As an homage to its predecessors, the T-spec comes in two colors not available on lesser GT-Rs, Midnight Purple and Millennium Jade. The former was introduced on the 1995-98 Skyline GT-R, known by its chassis code as the R33 generation. Variations of the color were brought back twice for the following R34 generation, each time released as a limited edition.

Millennium Jade, on the other hand, was exclusive to the 2002 Nür edition cars, named after the Nürburgring where Nissan tested the GT-Rs (and held a long-standing production car lap record) long before every automaker and their mother were comparing lap times. The Nür cars were the last Skyline GT-Rs until the R35 burst onto the scene in 2008.

Inside, Nissan is introducing a new color called Mori Green, and it is fantastic. The automotive kingdom desperately needs more green interiors that resemble my parents’ Chevy land yacht from the early 1970s, and boy does this cabin deliver. A forest-y green adorns the semi-aniline leather-appointed seating, while soft-touch surfaces atop the dash give off a more grayish appearance. A unique quilted headliner rounds out the T-spec differences in the interior.

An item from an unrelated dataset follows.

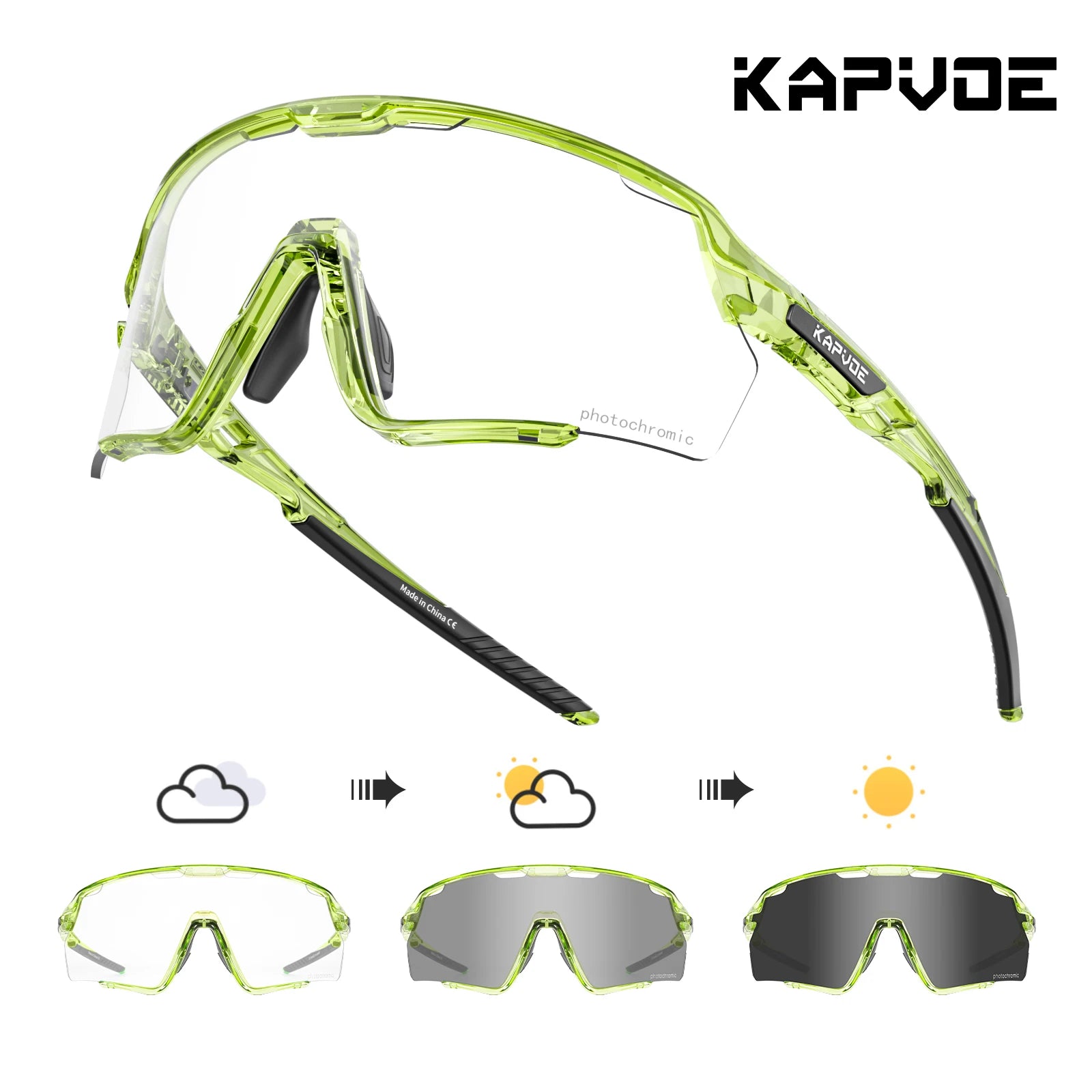 Kapvoe Cycling Glasses Photochromic Cycling Sunglasses UV400 MTB Sports Eyewear Outdoor Bicycle Goggles Bike Cycling Equipment

Curiously, Nissan USA’s press release describes it as a 2021 model year car, while Nissan Japan describes it as a 2022 model year car. We’re not sure if this is a typo, or if it spells out something more ominous about the future of the U.S. market GT-R. After all, the GT-R is rumored to have a hard production stop sometime next year, after which a redesign might bow. We’ve reached out to Nissan for clarification and will update the article if we learn more.

In Japan, the T-spec is limited to 100 cars, with potential customers being determined by lottery. Nissan hasn’t said how many will be sold stateside, except that it is a limited production vehicle with a “very limited” number to be made available. GT-R T-specs will cost $140,285 including a $1,795 destination fee when it goes on sale this winter alongside the previously announced, $217,485 GT-R Nismo Special Edition.